Feoffees Financials Statement.pdf
Remarkably, the Feoffees of Ipswich do not list as an asset the 30-or-so acre asset which is the reason for their existence. [A Note to a related (and audited!) report says "The land has no determinable value..." Very funny!]
One might say that this is consistent with the fact that they are merely trustees, not owners (and therefore can't sell it).
But it also might point to the Feoffees being unwilling to attempt to value the land. The assessor values it, every year. I've not seen the Assessor's aggregate valuation in print, but I have a spreadsheet on which I attempted to list all the properties which the Feoffees own on Little Neck. Quick and dirty, it works out this way (last year's valuation, which is a bit higher than this year's), for the individual lots I've looked at:
- 167 tenant-rented lots 10.45 acres $31.4 million ($3 million per acre)
- 1 large "commons" lot 11.00 acres $0.7 million ($77,000 per acre -- 2.6% of the tenant lots)
- about 40 vacant subdivided lots 2.88 acres $0.9 million ($320,000 per acre -- 10% of the occupied lots)
- community house $84,900
- piers, etc: $74,300
- plus the roads which serve the homes on Little Neck.

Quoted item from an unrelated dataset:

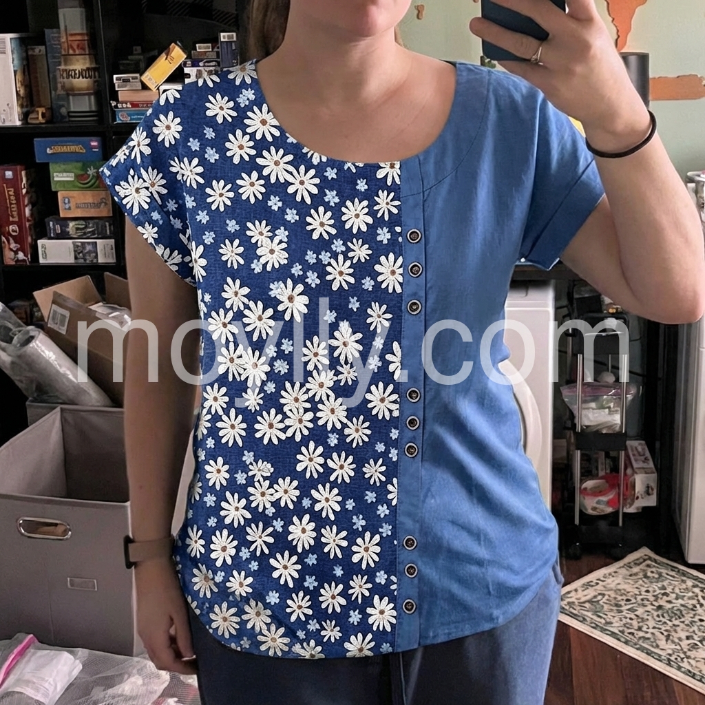 I am absolutely in love with the unique split design of this shirt! The half daisy floral and half solid blue is such a cute contrast. It fits perfectly and looks great with jeans. Highly recommend!

The financial statement does value the sewage treatment plant at $6.7 million. I'm guessing that under the negotiated deal, the tenants are expecting to get it for free, or at least get the use of it. The media stories have been silent about this aspect.
Separately, but relatedly, I stumbled onto an interesting document from a few years ago. Among other things, it says that as of 2001, 2 of the 4 then-current Feoffees had, during their Feoffeeship, also been tenants on Little Neck. Talk about conflict of interest! (This is expressly prohibited by the terms of the trust, as I understand them. I guess the terms of the trust are an inconvenient truth. Pesky details.)
And as of 1996, the Superintendent of Schools was a Little Neck tenant; the report doesn't say for how long this was the case. But it does say that the schools received no contributions in some years AT THE REQUEST OF THE SUPERINTENDENT -- and the data show only token contributions in many years (consistent with the token rents being collected).
The same report shows the 8 properties which changed hands in 2001, with selling prices well above assessed values for land and buildings combined, despite the fact that all that was really being sold was the building. Assuming the assessor's valuation of the buildings to be accurate, and subtracting it from the selling price, yields a land value about 2.5 times the assessed value (range: 115% to 264%, with 5 out of 8 above 229%). Land values per lot calculated that way ranged from $119,000 to $297,000 -- in 2001 -- and full-market land rents (at 5% of land value) would have been $5,945 to $14,850. Actual rents in 2001 were $1,760 (seasonal) to $1,980 (year-round) -- what a deal (for the tenants; not so much, for the beneficiaries)!
Simply collect the market rent on this land. Care for the property. Remit remainder of rent to the schools.